If you’re getting the impression that Archbishop Chaput was in a fighting mood, you’re right. Moreover, he insisted that all Catholics have a duty to fight for the faith, and those who fail to do so are, well...:
Apostasy is an interesting word. It comes from the Greek verb apostanai—which means to revolt or desert; literally “to stand away from.” For Benedict, laypeople and priests don’t need to publicly renounce their baptism to be apostates.

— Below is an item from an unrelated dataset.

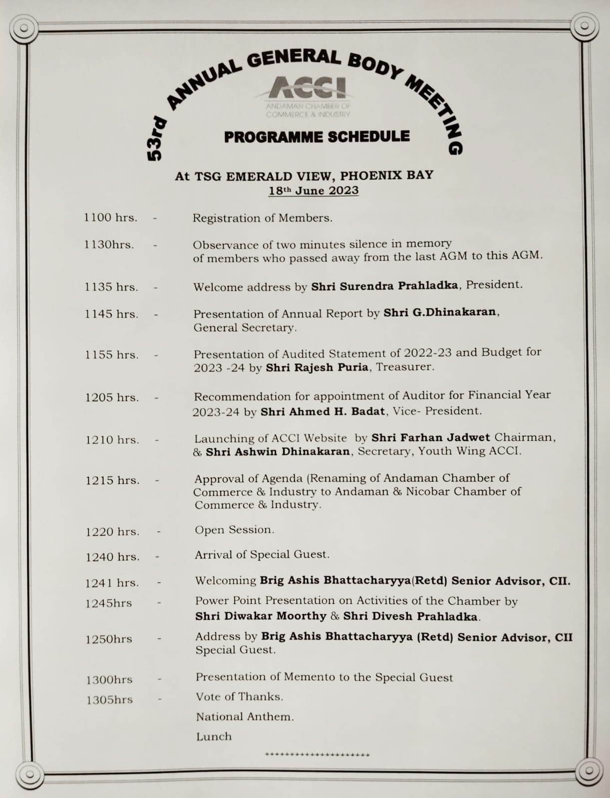 53rd AGM at TSG Emerald View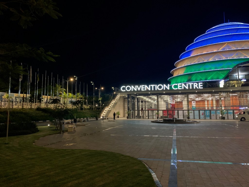 The afternoon was somber but gave me a much greater understanding of and appreciation for the dramatic changes that Rwanda has made, particularly concerning the rights of women and underrepresented groups. With my excitement for the conference at an all-time high, I went to bed embarrassingly early, exhausted after the travel of the night before. A 20-minute walk from our hostel, the Kigali Conference Center stands in the middle of downtown. Its a funky looking building. Shaped like a beehive, I personally think it is pretty ugly during the daytime, but at night it is beautifully lit, making it much more appealing to the eye.

They simply need to be silent when their Catholic faith demands that they speak out; to be cowards when Jesus asks them to have courage; to “stand away” from the truth when they need to work for it and fight for it.
Strong stuff, and well worth reading.
Coincidentally, the text of the archbishop’s address is reproduced on the Crisis magazine site today, side-by-side with an article by Anthony Esolen, with the title “What Will You Do When the Persecution Comes?“ If the fight is lost—and let’s face it, the outlook is not promising—and if our Church faces a new spasm of persecution, Esolen expects to see Catholics fall into four categories: the persecutors, the quislings, the avengers, and the soldiers. Those titles are fairly self-explanatory, and I’ll let you read Esolen’s essay for a full description of his taxonomy. Let me call attenton to just one observation that he makes about the final category: “The Soldier complains about his superiors not because they give him bad orders, but because they give him no orders at all.”
Exactly! In American today, we Christians are caught up in a battle for our culture—that is to say, a battle for our children. We didn’t choose this battle; we are not the aggressors. But it would be cowardly to back off the fight: a betrayal of our faith and of our families. Archbishop Chaput makes that argument with admirable clarity.
Unfortunately Archbishop Chaput is an exception. More often, when lay Catholics engage in the battle, we hear nothing from our “superiors,” the American bishops—or worse, we hear discouraging messages, complaints that we are being too strident.
After reading the two pieces on the Crisis page, I find myself wondering: In which of Esolen’s categories would the bishops place themselves? And how would they answer the archbishop’s indictment of those who “stand away” from a battle that must be fought?